• Requirement:
For this exercise, retype every record below exactly and keep the pictures out.

• Recorded data:
[Start of section]

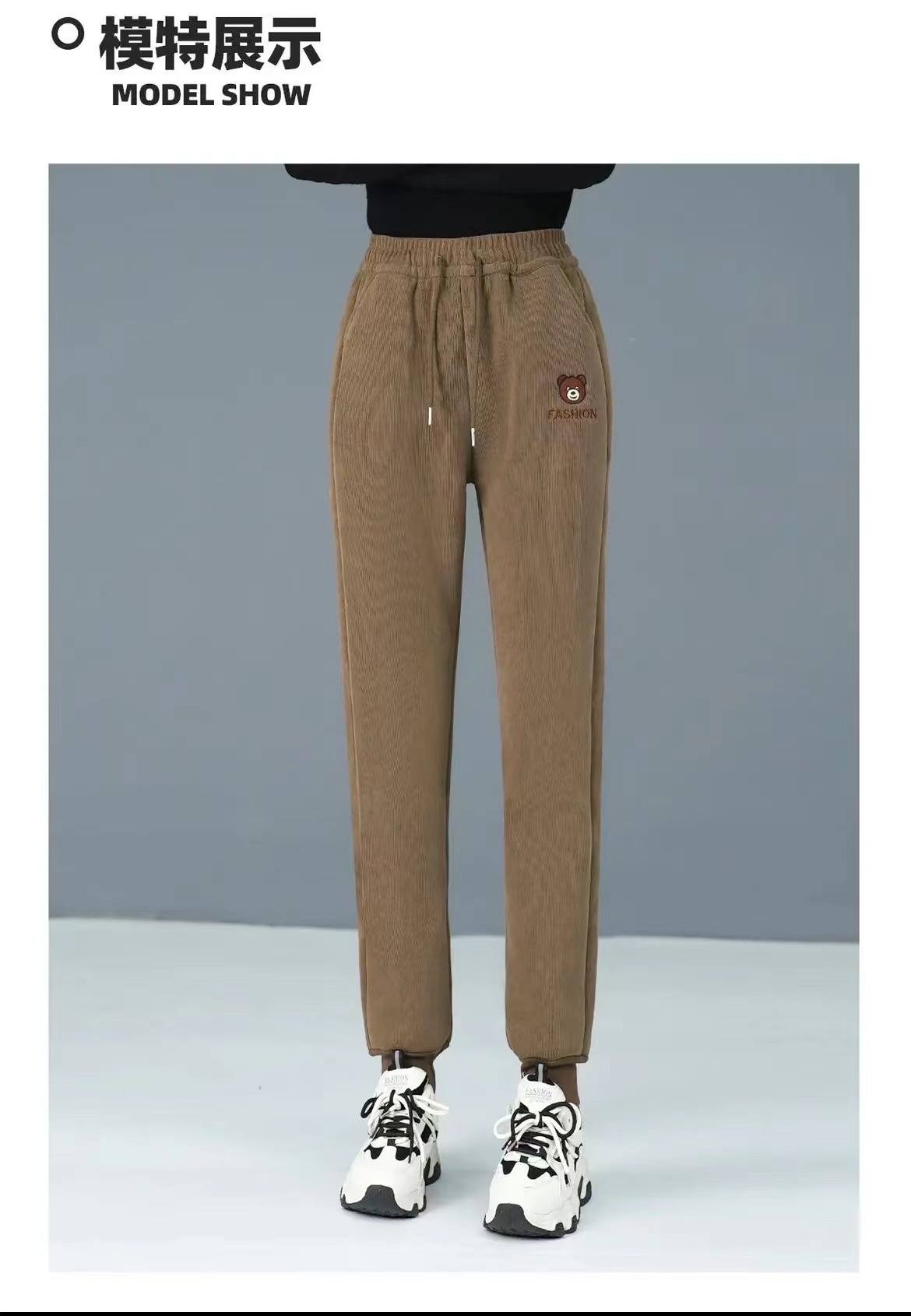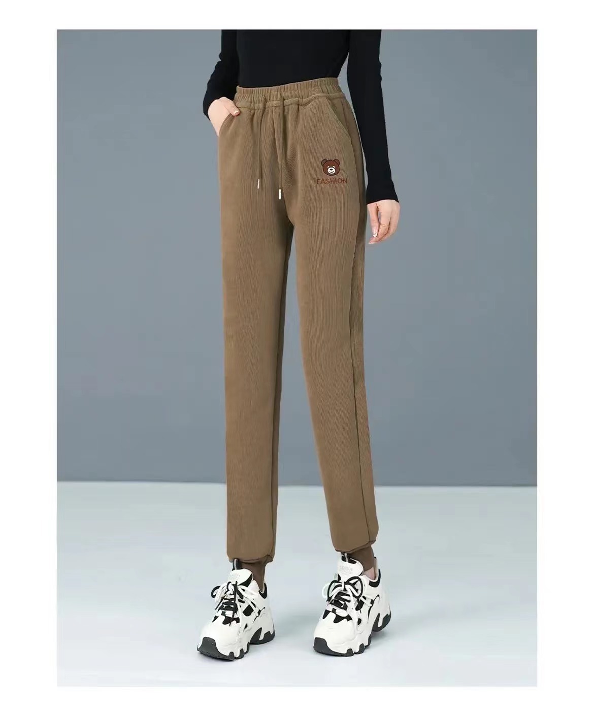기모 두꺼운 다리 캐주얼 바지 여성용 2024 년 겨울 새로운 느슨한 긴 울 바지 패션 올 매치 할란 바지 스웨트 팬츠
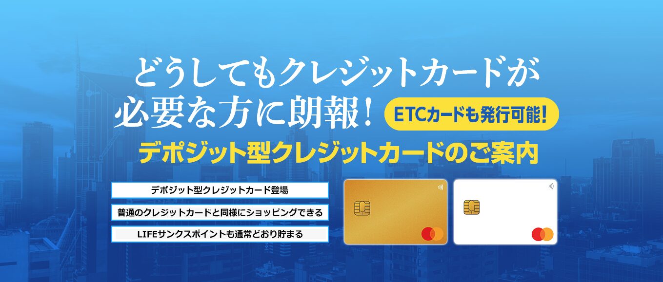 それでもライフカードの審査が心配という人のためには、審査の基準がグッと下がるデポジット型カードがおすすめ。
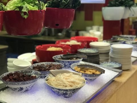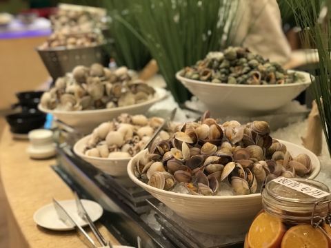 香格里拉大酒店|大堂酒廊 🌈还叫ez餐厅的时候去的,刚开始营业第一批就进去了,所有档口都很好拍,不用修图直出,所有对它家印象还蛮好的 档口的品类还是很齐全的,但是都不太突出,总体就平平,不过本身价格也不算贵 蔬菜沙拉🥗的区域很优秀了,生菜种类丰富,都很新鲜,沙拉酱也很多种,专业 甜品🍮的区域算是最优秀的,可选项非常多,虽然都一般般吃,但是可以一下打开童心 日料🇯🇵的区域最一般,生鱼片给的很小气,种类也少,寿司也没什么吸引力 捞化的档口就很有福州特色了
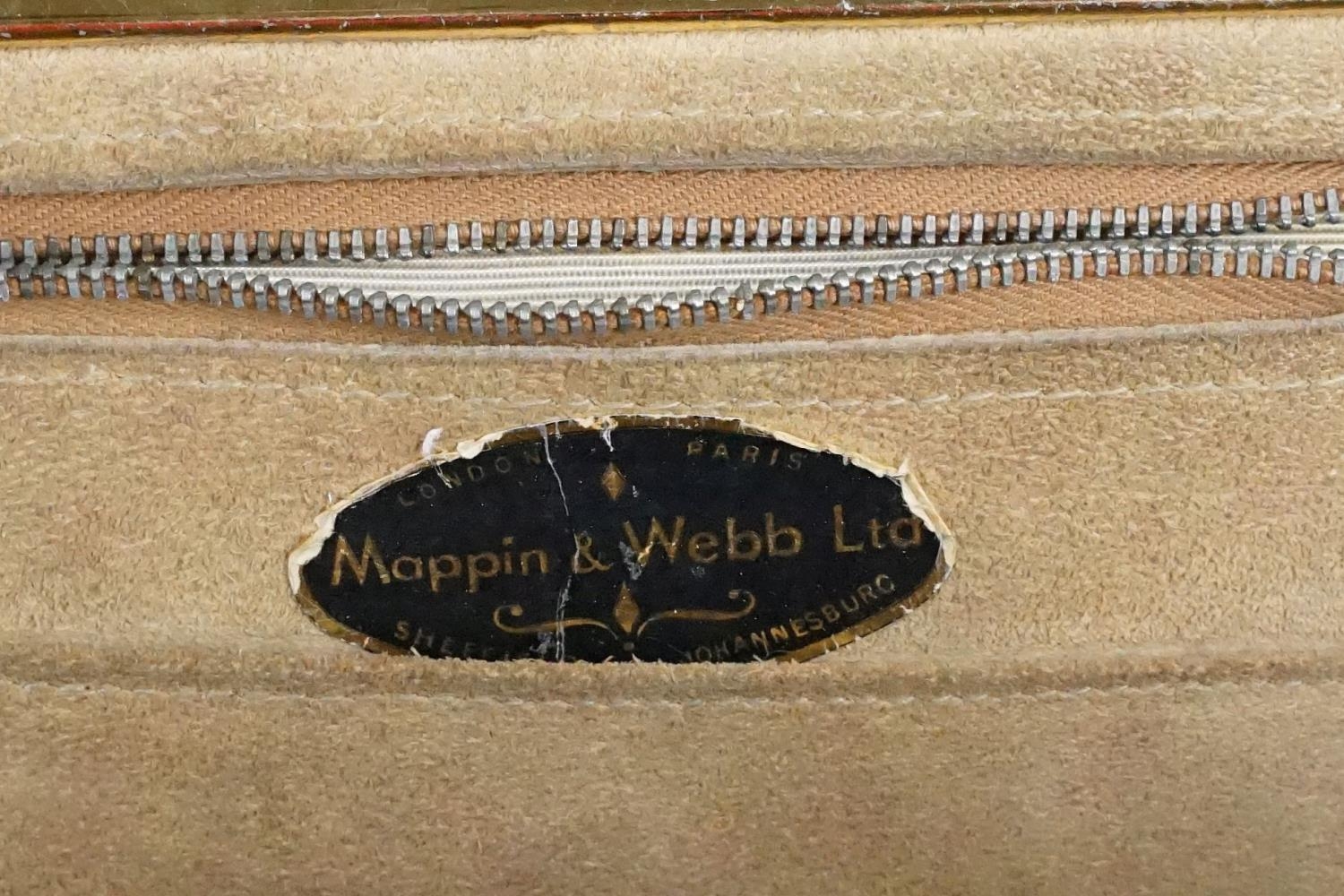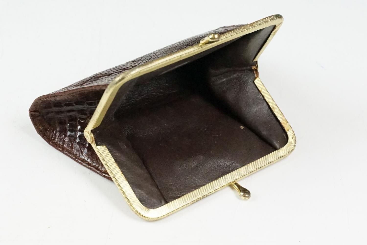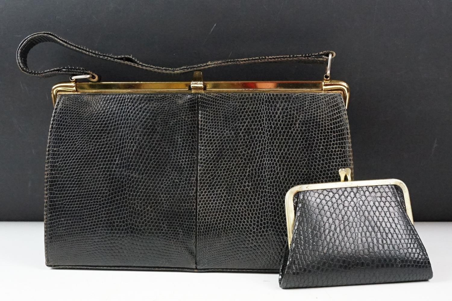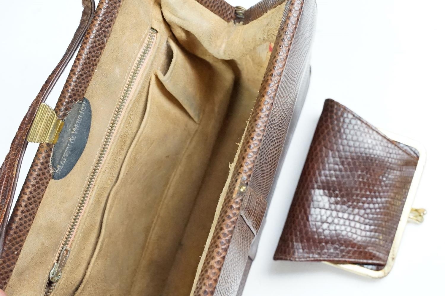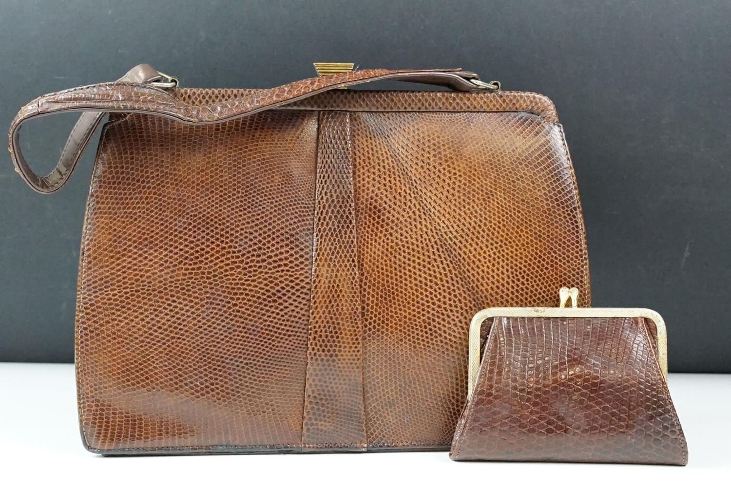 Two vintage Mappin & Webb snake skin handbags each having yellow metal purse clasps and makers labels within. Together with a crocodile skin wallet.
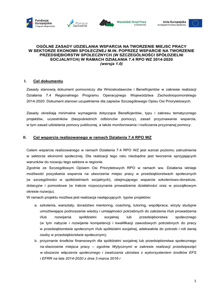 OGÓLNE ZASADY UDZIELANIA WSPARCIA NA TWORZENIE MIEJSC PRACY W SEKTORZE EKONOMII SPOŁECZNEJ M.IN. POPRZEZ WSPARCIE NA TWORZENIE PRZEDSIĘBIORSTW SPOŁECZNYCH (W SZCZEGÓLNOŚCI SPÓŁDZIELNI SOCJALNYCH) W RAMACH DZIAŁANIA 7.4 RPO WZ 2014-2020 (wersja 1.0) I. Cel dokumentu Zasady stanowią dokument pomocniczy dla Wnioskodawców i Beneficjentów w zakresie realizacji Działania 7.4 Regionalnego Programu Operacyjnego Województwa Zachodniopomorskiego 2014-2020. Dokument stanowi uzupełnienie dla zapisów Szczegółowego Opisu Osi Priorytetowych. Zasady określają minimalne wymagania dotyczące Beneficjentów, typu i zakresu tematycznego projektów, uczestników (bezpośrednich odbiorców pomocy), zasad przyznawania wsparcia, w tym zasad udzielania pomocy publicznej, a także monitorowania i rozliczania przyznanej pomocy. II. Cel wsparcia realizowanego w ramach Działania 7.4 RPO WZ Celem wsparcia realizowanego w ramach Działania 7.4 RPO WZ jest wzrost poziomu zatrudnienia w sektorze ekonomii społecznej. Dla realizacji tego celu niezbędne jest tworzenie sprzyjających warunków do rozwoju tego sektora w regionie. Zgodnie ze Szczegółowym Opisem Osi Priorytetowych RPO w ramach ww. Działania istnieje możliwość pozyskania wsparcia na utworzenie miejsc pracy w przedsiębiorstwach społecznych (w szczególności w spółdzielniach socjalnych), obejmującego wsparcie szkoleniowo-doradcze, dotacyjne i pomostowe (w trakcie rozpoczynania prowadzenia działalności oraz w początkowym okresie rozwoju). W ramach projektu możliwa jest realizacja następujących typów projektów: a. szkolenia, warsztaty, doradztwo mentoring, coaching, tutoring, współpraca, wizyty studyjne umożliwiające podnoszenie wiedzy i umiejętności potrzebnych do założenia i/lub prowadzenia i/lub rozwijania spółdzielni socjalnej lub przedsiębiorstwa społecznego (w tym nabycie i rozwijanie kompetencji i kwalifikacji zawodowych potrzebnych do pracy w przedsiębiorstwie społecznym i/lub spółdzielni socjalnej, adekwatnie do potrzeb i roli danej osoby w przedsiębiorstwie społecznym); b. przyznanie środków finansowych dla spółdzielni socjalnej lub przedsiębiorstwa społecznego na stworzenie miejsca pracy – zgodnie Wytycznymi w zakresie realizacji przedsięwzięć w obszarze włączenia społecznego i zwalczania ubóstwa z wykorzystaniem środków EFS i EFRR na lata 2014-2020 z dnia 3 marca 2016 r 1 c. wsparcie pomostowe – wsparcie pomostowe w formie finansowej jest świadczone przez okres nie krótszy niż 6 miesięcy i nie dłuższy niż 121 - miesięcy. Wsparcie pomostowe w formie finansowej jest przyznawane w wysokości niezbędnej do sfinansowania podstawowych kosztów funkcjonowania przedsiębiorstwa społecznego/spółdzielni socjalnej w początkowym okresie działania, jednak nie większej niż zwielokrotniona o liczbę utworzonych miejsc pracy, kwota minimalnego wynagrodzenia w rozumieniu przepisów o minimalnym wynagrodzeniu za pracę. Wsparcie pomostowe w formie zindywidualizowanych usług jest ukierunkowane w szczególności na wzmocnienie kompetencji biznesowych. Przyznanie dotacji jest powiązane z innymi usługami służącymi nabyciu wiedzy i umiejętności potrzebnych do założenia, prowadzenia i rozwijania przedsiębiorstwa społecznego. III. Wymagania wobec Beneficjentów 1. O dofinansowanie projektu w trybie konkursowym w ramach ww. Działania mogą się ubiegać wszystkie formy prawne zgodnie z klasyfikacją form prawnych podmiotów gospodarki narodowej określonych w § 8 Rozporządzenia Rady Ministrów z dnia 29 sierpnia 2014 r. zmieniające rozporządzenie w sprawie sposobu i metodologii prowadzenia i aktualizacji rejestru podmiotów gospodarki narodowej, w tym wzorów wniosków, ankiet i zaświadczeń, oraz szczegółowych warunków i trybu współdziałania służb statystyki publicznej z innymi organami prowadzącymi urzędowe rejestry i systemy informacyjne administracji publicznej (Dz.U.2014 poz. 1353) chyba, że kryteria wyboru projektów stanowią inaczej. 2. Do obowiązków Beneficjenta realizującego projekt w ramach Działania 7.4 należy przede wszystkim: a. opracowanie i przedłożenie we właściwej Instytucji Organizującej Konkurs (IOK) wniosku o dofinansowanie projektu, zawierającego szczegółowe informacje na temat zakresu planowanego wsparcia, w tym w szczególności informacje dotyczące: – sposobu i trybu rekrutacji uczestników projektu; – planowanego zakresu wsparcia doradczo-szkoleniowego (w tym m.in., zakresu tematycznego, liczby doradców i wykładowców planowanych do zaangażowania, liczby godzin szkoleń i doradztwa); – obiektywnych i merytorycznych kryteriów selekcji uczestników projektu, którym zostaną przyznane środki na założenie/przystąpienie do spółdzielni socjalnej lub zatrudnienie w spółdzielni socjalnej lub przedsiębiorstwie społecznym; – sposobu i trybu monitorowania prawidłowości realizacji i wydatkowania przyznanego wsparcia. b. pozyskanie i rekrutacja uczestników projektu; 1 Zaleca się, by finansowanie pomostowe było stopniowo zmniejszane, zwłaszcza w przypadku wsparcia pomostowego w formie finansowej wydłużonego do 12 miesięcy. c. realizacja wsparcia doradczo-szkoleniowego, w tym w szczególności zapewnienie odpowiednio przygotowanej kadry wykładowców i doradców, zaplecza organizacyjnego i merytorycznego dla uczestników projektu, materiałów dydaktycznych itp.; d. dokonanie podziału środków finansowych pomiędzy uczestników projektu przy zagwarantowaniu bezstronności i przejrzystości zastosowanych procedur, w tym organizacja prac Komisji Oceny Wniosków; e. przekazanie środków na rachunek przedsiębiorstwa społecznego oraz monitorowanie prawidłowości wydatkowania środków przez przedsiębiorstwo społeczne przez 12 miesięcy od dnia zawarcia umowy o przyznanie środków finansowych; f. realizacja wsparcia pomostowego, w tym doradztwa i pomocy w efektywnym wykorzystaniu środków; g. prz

[End of section]

• Answer section:
기모 두꺼운 다리 캐주얼 바지 여성용 2024 년 겨울 새로운 느슨한 긴 울 바지 패션 올 매치 할란 바지 스웨트 팬츠
 それでもライフカードの審査が心配という人のためには、審査の基準がグッと下がるデポジット型カードがおすすめ。
 香格里拉大酒店|大堂酒廊 🌈还叫ez餐厅的时候去的,刚开始营业第一批就进去了,所有档口都很好拍,不用修图直出,所有对它家印象还蛮好的 档口的品类还是很齐全的,但是都不太突出,总体就平平,不过本身价格也不算贵 蔬菜沙拉🥗的区域很优秀了,生菜种类丰富,都很新鲜,沙拉酱也很多种,专业 甜品🍮的区域算是最优秀的,可选项非常多,虽然都一般般吃,但是可以一下打开童心 日料🇯🇵的区域最一般,生鱼片给的很小气,种类也少,寿司也没什么吸引力 捞化的档口就很有福州特色了
 Two vintage Mappin & Webb snake skin handbags each having yellow metal purse clasps and makers labels within. Together with a crocodile skin wallet.
 OGÓLNE ZASADY UDZIELANIA WSPARCIA NA TWORZENIE MIEJSC PRACY W SEKTORZE EKONOMII SPOŁECZNEJ M.IN. POPRZEZ WSPARCIE NA TWORZENIE PRZEDSIĘBIORSTW SPOŁECZNYCH (W SZCZEGÓLNOŚCI SPÓŁDZIELNI SOCJALNYCH) W RAMACH DZIAŁANIA 7.4 RPO WZ 2014-2020 (wersja 1.0) I. Cel dokumentu Zasady stanowią dokument pomocniczy dla Wnioskodawców i Beneficjentów w zakresie realizacji Działania 7.4 Regionalnego Programu Operacyjnego Województwa Zachodniopomorskiego 2014-2020. Dokument stanowi uzupełnienie dla zapisów Szczegółowego Opisu Osi Priorytetowych. Zasady określają minimalne wymagania dotyczące Beneficjentów, typu i zakresu tematycznego projektów, uczestników (bezpośrednich odbiorców pomocy), zasad przyznawania wsparcia, w tym zasad udzielania pomocy publicznej, a także monitorowania i rozliczania przyznanej pomocy. II. Cel wsparcia realizowanego w ramach Działania 7.4 RPO WZ Celem wsparcia realizowanego w ramach Działania 7.4 RPO WZ jest wzrost poziomu zatrudnienia w sektorze ekonomii społecznej. Dla realizacji tego celu niezbędne jest tworzenie sprzyjających warunków do rozwoju tego sektora w regionie. Zgodnie ze Szczegółowym Opisem Osi Priorytetowych RPO w ramach ww. Działania istnieje możliwość pozyskania wsparcia na utworzenie miejsc pracy w przedsiębiorstwach społecznych (w szczególności w spółdzielniach socjalnych), obejmującego wsparcie szkoleniowo-doradcze, dotacyjne i pomostowe (w trakcie rozpoczynania prowadzenia działalności oraz w początkowym okresie rozwoju). W ramach projektu możliwa jest realizacja następujących typów projektów: a. szkolenia, warsztaty, doradztwo mentoring, coaching, tutoring, współpraca, wizyty studyjne umożliwiające podnoszenie wiedzy i umiejętności potrzebnych do założenia i/lub prowadzenia i/lub rozwijania spółdzielni socjalnej lub przedsiębiorstwa społecznego (w tym nabycie i rozwijanie kompetencji i kwalifikacji zawodowych potrzebnych do pracy w przedsiębiorstwie społecznym i/lub spółdzielni socjalnej, adekwatnie do potrzeb i roli danej osoby w przedsiębiorstwie społecznym); b. przyznanie środków finansowych dla spółdzielni socjalnej lub przedsiębiorstwa społecznego na stworzenie miejsca pracy – zgodnie Wytycznymi w zakresie realizacji przedsięwzięć w obszarze włączenia społecznego i zwalczania ubóstwa z wykorzystaniem środków EFS i EFRR na lata 2014-2020 z dnia 3 marca 2016 r 1 c. wsparcie pomostowe – wsparcie pomostowe w formie finansowej jest świadczone przez okres nie krótszy niż 6 miesięcy i nie dłuższy niż 121 - miesięcy. Wsparcie pomostowe w formie finansowej jest przyznawane w wysokości niezbędnej do sfinansowania podstawowych kosztów funkcjonowania przedsiębiorstwa społecznego/spółdzielni socjalnej w początkowym okresie działania, jednak nie większej niż zwielokrotniona o liczbę utworzonych miejsc pracy, kwota minimalnego wynagrodzenia w rozumieniu przepisów o minimalnym wynagrodzeniu za pracę. Wsparcie pomostowe w formie zindywidualizowanych usług jest ukierunkowane w szczególności na wzmocnienie kompetencji biznesowych. Przyznanie dotacji jest powiązane z innymi usługami służącymi nabyciu wiedzy i umiejętności potrzebnych do założenia, prowadzenia i rozwijania przedsiębiorstwa społecznego. III. Wymagania wobec Beneficjentów 1. O dofinansowanie projektu w trybie konkursowym w ramach ww. Działania mogą się ubiegać wszystkie formy prawne zgodnie z klasyfikacją form prawnych podmiotów gospodarki narodowej określonych w § 8 Rozporządzenia Rady Ministrów z dnia 29 sierpnia 2014 r. zmieniające rozporządzenie w sprawie sposobu i metodologii prowadzenia i aktualizacji rejestru podmiotów gospodarki narodowej, w tym wzorów wniosków, ankiet i zaświadczeń, oraz szczegółowych warunków i trybu współdziałania służb statystyki publicznej z innymi organami prowadzącymi urzędowe rejestry i systemy informacyjne administracji publicznej (Dz.U.2014 poz. 1353) chyba, że kryteria wyboru projektów stanowią inaczej. 2. Do obowiązków Beneficjenta realizującego projekt w ramach Działania 7.4 należy przede wszystkim: a. opracowanie i przedłożenie we właściwej Instytucji Organizującej Konkurs (IOK) wniosku o dofinansowanie projektu, zawierającego szczegółowe informacje na temat zakresu planowanego wsparcia, w tym w szczególności informacje dotyczące: – sposobu i trybu rekrutacji uczestników projektu; – planowanego zakresu wsparcia doradczo-szkoleniowego (w tym m.in., zakresu tematycznego, liczby doradców i wykładowców planowanych do zaangażowania, liczby godzin szkoleń i doradztwa); – obiektywnych i merytorycznych kryteriów selekcji uczestników projektu, którym zostaną przyznane środki na założenie/przystąpienie do spółdzielni socjalnej lub zatrudnienie w spółdzielni socjalnej lub przedsiębiorstwie społecznym; – sposobu i trybu monitorowania prawidłowości realizacji i wydatkowania przyznanego wsparcia. b. pozyskanie i rekrutacja uczestników projektu; 1 Zaleca się, by finansowanie pomostowe było stopniowo zmniejszane, zwłaszcza w przypadku wsparcia pomostowego w formie finansowej wydłużonego do 12 miesięcy. c. realizacja wsparcia doradczo-szkoleniowego, w tym w szczególności zapewnienie odpowiednio przygotowanej kadry wykładowców i doradców, zaplecza organizacyjnego i merytorycznego dla uczestników projektu, materiałów dydaktycznych itp.; d. dokonanie podziału środków finansowych pomiędzy uczestników projektu przy zagwarantowaniu bezstronności i przejrzystości zastosowanych procedur, w tym organizacja prac Komisji Oceny Wniosków; e. przekazanie środków na rachunek przedsiębiorstwa społecznego oraz monitorowanie prawidłowości wydatkowania środków przez przedsiębiorstwo społeczne przez 12 miesięcy od dnia zawarcia umowy o przyznanie środków finansowych; f. realizacja wsparcia pomostowego, w tym doradztwa i pomocy w efektywnym wykorzystaniu środków; g. prz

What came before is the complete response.